IMF Chief Says Global Recovery Faces Strong Headwind

Global recovery faces strong headwind despite lower oil prices and higher growth in the United States, International Monetary Fund Managing Director Christine Lagarde said late Thursday.

The world growth is still too low, too brittle, and too lopsided, she told the Council on Foreign Relations in Washington. The IMF is set to publish its global growth forecasts next week.

Lagarde said the year 2015 must be the "year of action" when policymakers redouble their efforts to tackle deep-seated economic weaknesses and show greater political leadership on infrastructure investment, trade agreements, and climate change.

She explained three major policy challenges for the global economy in 2015 that require decisive actions, namely boosting growth and employment; achieving more inclusive and shared growth; and attaining more sustainable, balanced growth.

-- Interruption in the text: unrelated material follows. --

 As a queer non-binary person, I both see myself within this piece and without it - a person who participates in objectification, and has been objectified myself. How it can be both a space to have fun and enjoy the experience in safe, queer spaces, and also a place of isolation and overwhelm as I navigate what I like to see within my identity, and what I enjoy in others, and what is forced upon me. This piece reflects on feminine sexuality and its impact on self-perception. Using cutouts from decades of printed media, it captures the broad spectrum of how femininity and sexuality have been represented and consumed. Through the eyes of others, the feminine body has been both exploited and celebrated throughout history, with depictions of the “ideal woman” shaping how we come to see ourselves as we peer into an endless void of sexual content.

The fall in oil prices is a welcome shot to boost consumers' purchasing power in oil importing countries. By contrast, oil exporters need to cushion the shock on their economies, she noted.

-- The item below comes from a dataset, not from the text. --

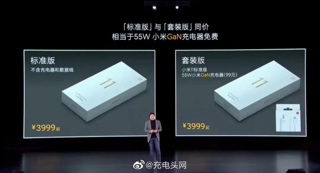2020年12月28日,在小米11发布会当天,雷军竟然一个反杀让所有人都措手不及,小米11标准版售价3999元,配送一个55W氮化镓充电器的套装版小米11同样为3999售价,让用户自行选择要不要充电器,可谓是赚足了眼球与口碑,也让这个新登场的充电器成为风暴中心。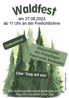 Die Vereinsgemeinschaft Bonbaden e.V. lädt alle BürgerInnen zum Waldfest am 27.08.2023 ab 11 Uhr ein.

Lagarde expects the U.S. economy to strengthen further this year largely due to more robust household spending. But she cautioned that lower oil prices and U.S. growth are not a cure for deep-seated weaknesses.

"Too many companies and households keep cutting back on investment and consumption today because they are concerned about low growth in the future," Lagarde said.

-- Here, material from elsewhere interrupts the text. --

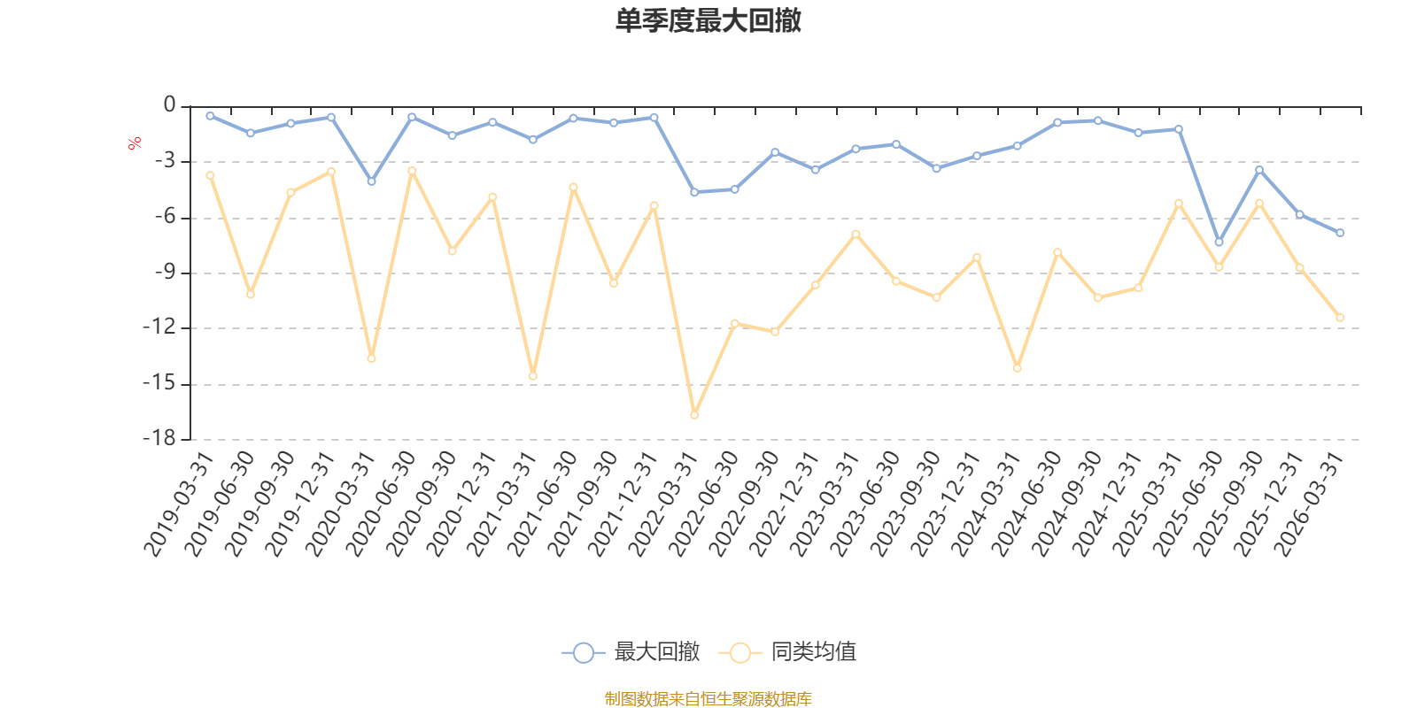 截至4月8日,基金近三年最大回撤为10.45%,同类可比基金排名144/1264。单季度最大回撤出现在2025年二季度,为7.34%。

Emerging and developing economies could face a triple hit of a strengthening U.S. dollar, higher global interest rates, and more volatile capital flows.

At the same time, the euro area and Japan could remain stuck in a world of low growth and low inflation for a prolonged period.

In the euro area, cheaper oil increases the risk of deflation and bolsters the case for additional monetary stimulus. But at the same time, it provides a golden opportunity to reduce energy subsidies and use the savings for more targeted transfers to protect the poor, Lagarde noted.